The Hollywood elite’s announcement over the weekend that it has created a commission to end sexual harassment in their industry – chaired by Anita Hill -- is the latest genuflection toward the secular saint they have created. Hollywood has made two TV-movies siding with Hill’s unproven version of events, Showtime’s Strange Justice (1999) and HBO’s Confirmation (2016). The media elite now tells this story by speaking in reverent tones about how she “brought sexual harassment to the national consciousness.”
But all this hype ignores what actually happened in 1991. After months of trying to defeat Thomas, the Democrats were about to lose the confirmation fight. So at the last minute, NPR and Newsday introduced Anita Hill and her unproven story. Hill testified, and Clarence Thomas strongly rebutted her allegations. When the weekend of hearings were over, a CBS-New York Times poll found the American people strongly believed Thomas over Hill, even women:
Americans' generally favorable view of Judge Thomas is reinforced by a generally adverse opinion of Professor Hill. Forty-six percent of those surveyed said they had an "unfavorable" opinion of her, while only 17 percent said they had a "favorable" view.
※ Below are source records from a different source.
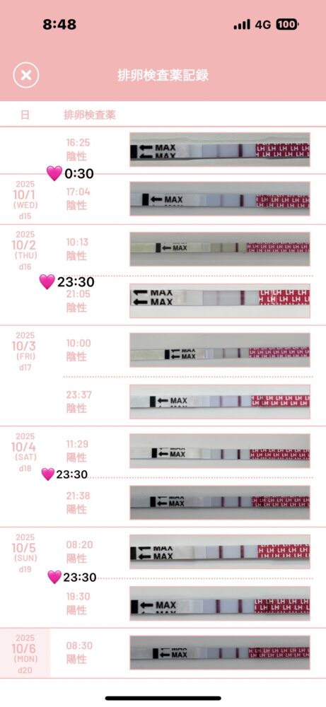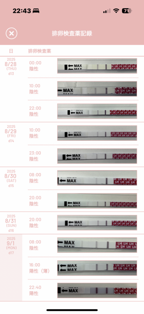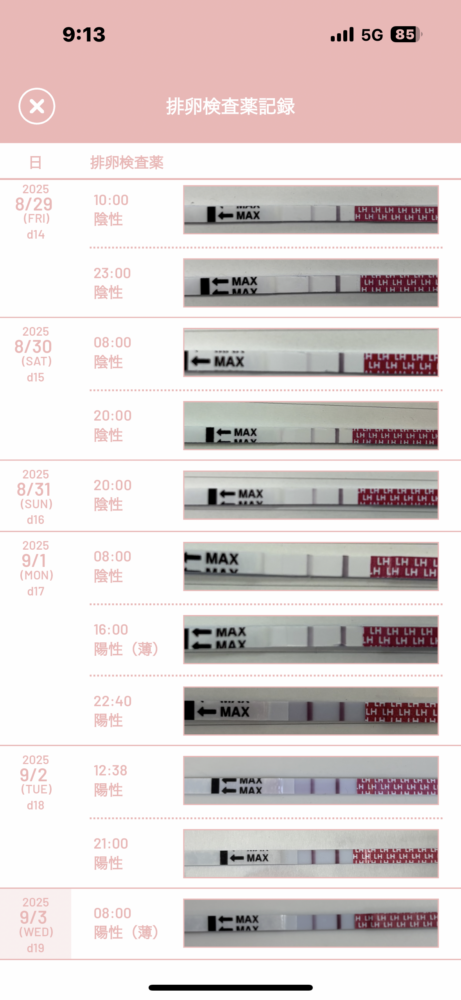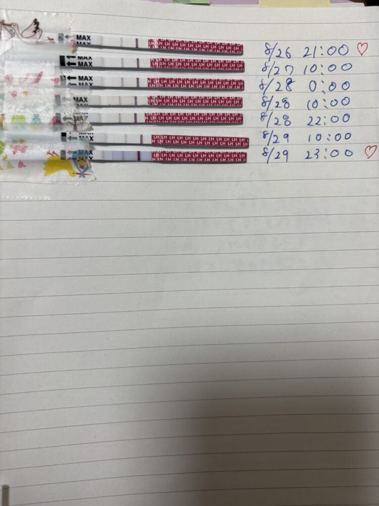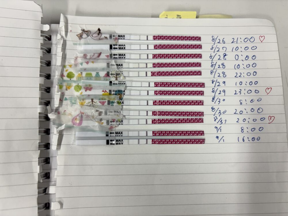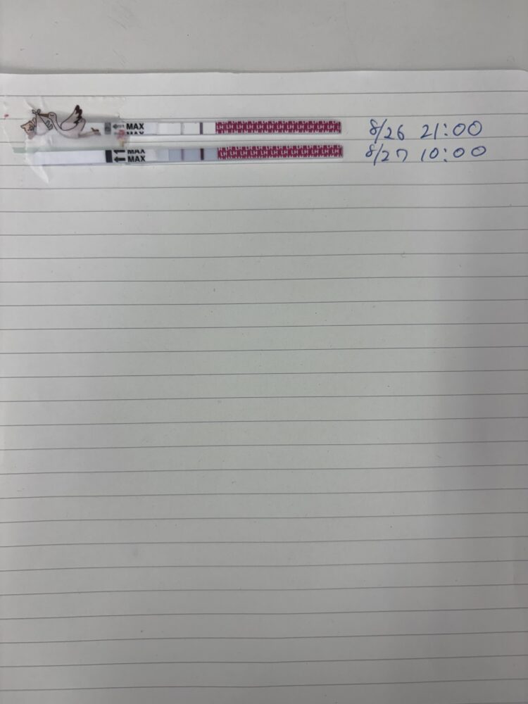 最初は1日1回でOKです。判定線が濃くなる傾向が見られましたら、1日2回の検査に切り替えてください。
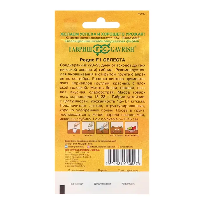 Семена редиса «Селеста» идеально подходят для тех, кто хочет вырастить вкусные и сочные корнеплоды у себя на участке с минимальными усилиями. Порадуйте своих близких свежими овощами и откройте для себя все преимущества гибридного редиса!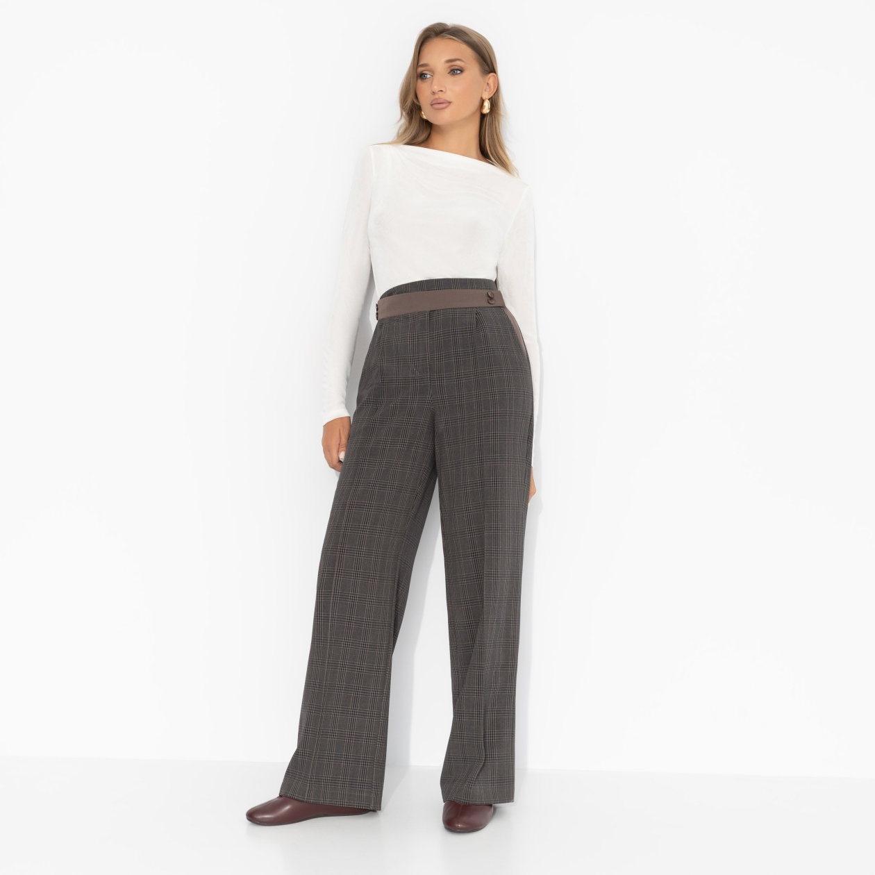 Брюки ЧАРУТТИ станут вашим талисманом карьерного повышения. Их безупречные выточки и идеальная линия кроя скажут о профессионализме и внимании к деталям ещё до того, как вы произнесете первое слово. Спокойный, но благородный оттенок ткани ассоциируется с надёжностью и стабильностью – именно теми качествами, которые ценит ваше руководство. Брюки прямого кроя. Материал изделия в тонкую клетку. Пояс из акцентного материала. Изделие с карманами.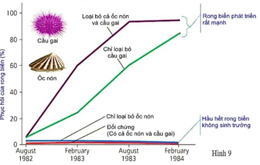 2. Khi chỉ có ốc nón và rong biển, quần thể rong biển phục hồi ở mức độ khá cao.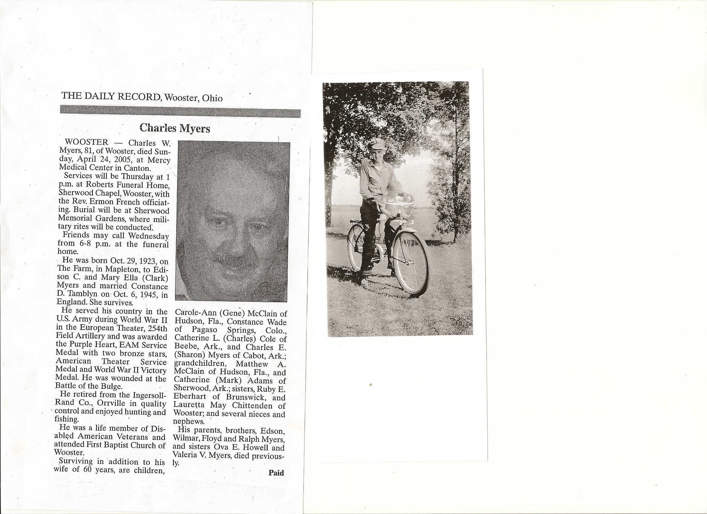 Charles Myers was my mother’s uncle, which would make him my grand-uncle. Not mentioned in his obituary, but told to me by my mother: he was on the beach at Normandy.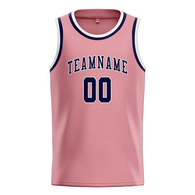 カスタムライトピンクネイビーバスケットボールジャージ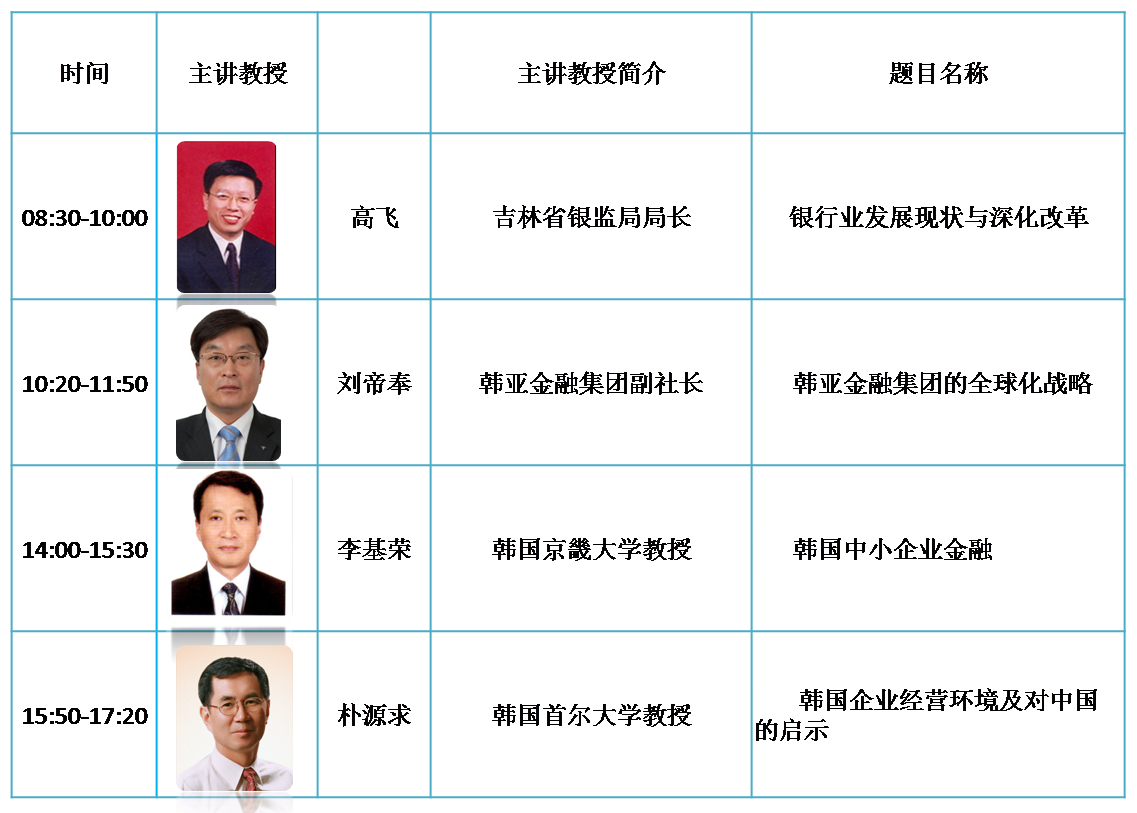由中国·304am永利集团官网与韩国·韩亚金融集团、中国·吉林银行共同主办的中国韩亚·吉林银行金融培训班2016年顺利进入第十一期。现将第十一期中国韩亚·吉林银行金融培训班第二日授课安排公布如下,欢迎各位老师、同学们莅临授课现场!

Asked whom they believed more, Professor Hill or Judge Thomas, 58 percent of the respondents said Judge Thomas; 24 percent said Professor Hill. Women were only slightly more likely than men to side with Professor Hill; 26 percent of the women said they believed her more, as against 22 percent of the men.
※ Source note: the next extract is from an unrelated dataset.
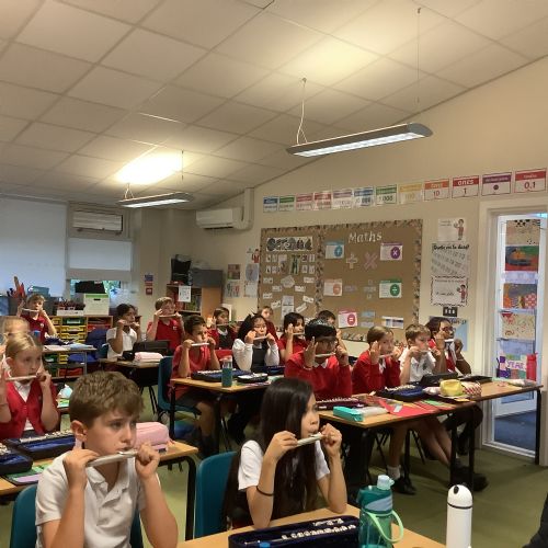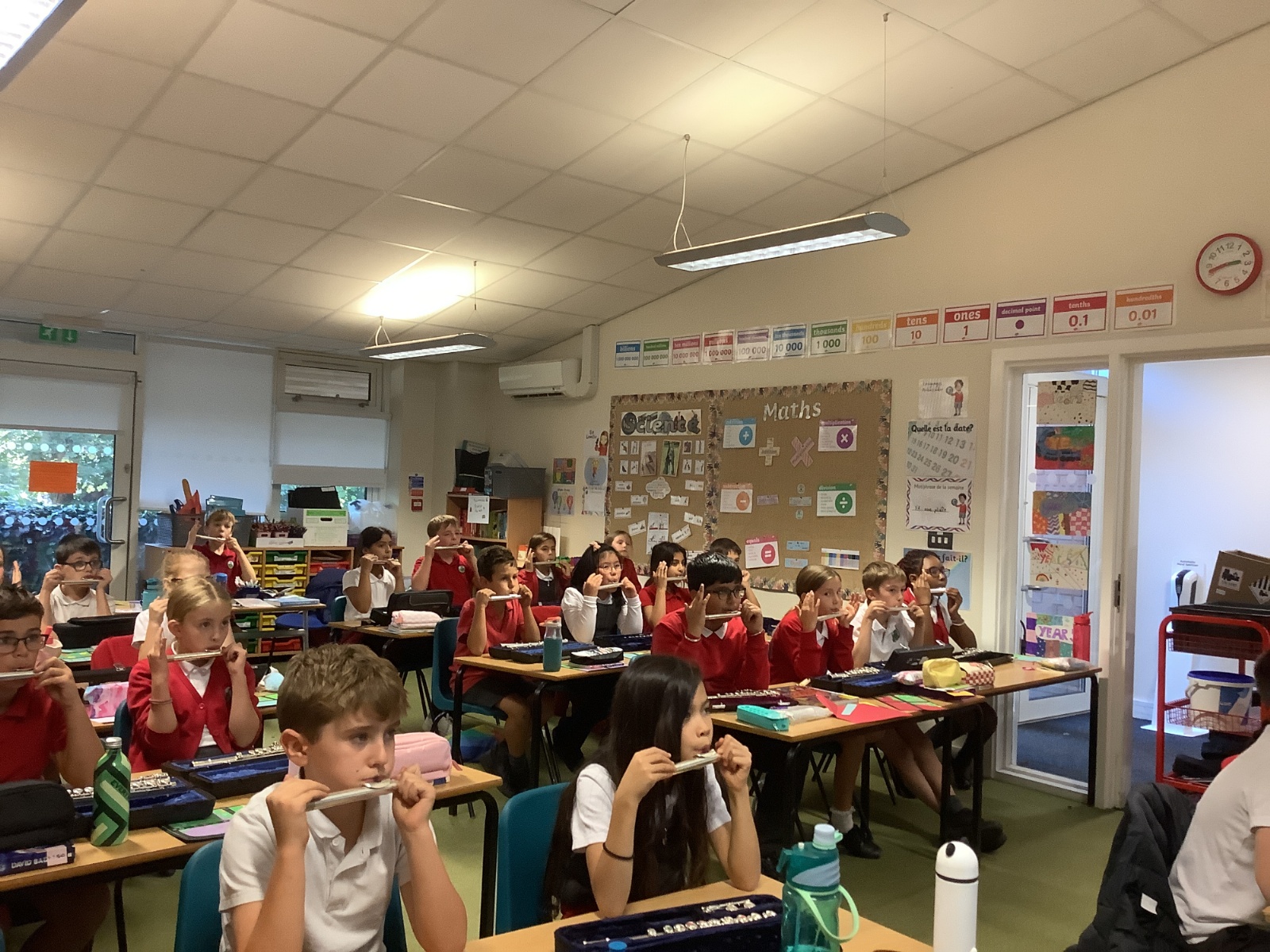 In Music, Year 5 are continuing to develop their flute skills, working hard to perfect both sound and rhythm.

Politically, that’s a fiasco for Hill. But all of the mythical treatments of Saint Anita ignored what the American people concluded. The liberal elites have spent the last 25 years trying to revise history and reverse public opinion.
Few remember troubling details that made Hill's account less credible. For example, she followed Clarence Thomas around from job to job in the federal government, from the Education Department to the Equal Employment Opportunity Commission, which doesn't exactly sound like someone seeking a less hostile working environment. Hill denied she was making the charges for her own personal benefit, but liberals raised an endowment to get her a job at the University of Oklahoma. After five years, she gained a prestigious professorship at Brandeis University. In 1993, she signed a two-book deal estimated to be "well over $1 million."